Новый управляющий нашелся довольно быстро. Это был муж подруги Карлы по монастырской школе; чтобы вызвать у нас симпатию к этой паре, Карла без устали внушала нам, что жизнь обошлась с ними чересчур круто. Они не пожелали жить в доме управляющего; Альваро с семьей освободили его (и хижины рядом), но оставили после себя настоящий разгром. Знакомые Карлы собирались жить в главном доме усадьбы. Ана сказала: "Карла говорит, что хочет помочь подруге, у которой наступила черная полоса. Но эта подруга должна будет содержать дом в порядке. После возвращения из Европы Карла обнаружила, что ее хозяйство вот-вот развалится. Я уверена, что она продаст усадьбу через несколько лет, когда поднимутся цены".

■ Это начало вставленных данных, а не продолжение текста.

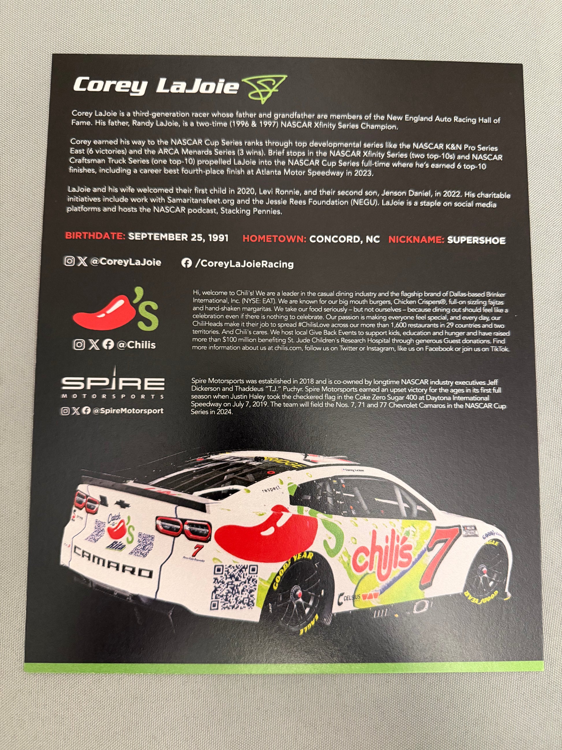 Corey Lajoie #7 2024 Chilis Catch A Rita Nascar Hero Card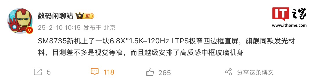 IT之家 2 月 10 日消息,博主 @数码闲聊站 今天透露一款神秘“SM8735 新机”将搭载 6.8X 英寸 1.5K+120Hz LTPS 极窄四边框直屏(博主称“目测差不多是视觉等窄”),该机还将搭载旗舰同款发光材料,而且“越级安排了高质感中框玻璃机身”。

В очередное воскресенье Карла устроила ленч, чтобы попрощаться с нами и заодно познакомить нас с новым управляющим. Я обратил бы на него внимание, даже если бы не знал о его неприятностях. Он выглядел так, словно ему что-то не давало покоя; казалось, он с трудом держит себя в руках. Ему было лет сорок с лишним; он был смешанного происхождения, больше португальского, чем африканского, широкий в кости, но дрябловатый. Он держался со всеми вежливо, даже официально, явно стараясь произвести на каждого хорошее впечатление, но его манеры и вся повадка отличались от наших и потому он казался посторонним в нашей компании. В его глазах застыла отрешенность; его мысли словно были далеки от того, что он делал. Я заметил, что бугорки на его верхней губе выпуклые, а нижняя губа полная, гладкая и слегка блестит; это был рот чувственного человека.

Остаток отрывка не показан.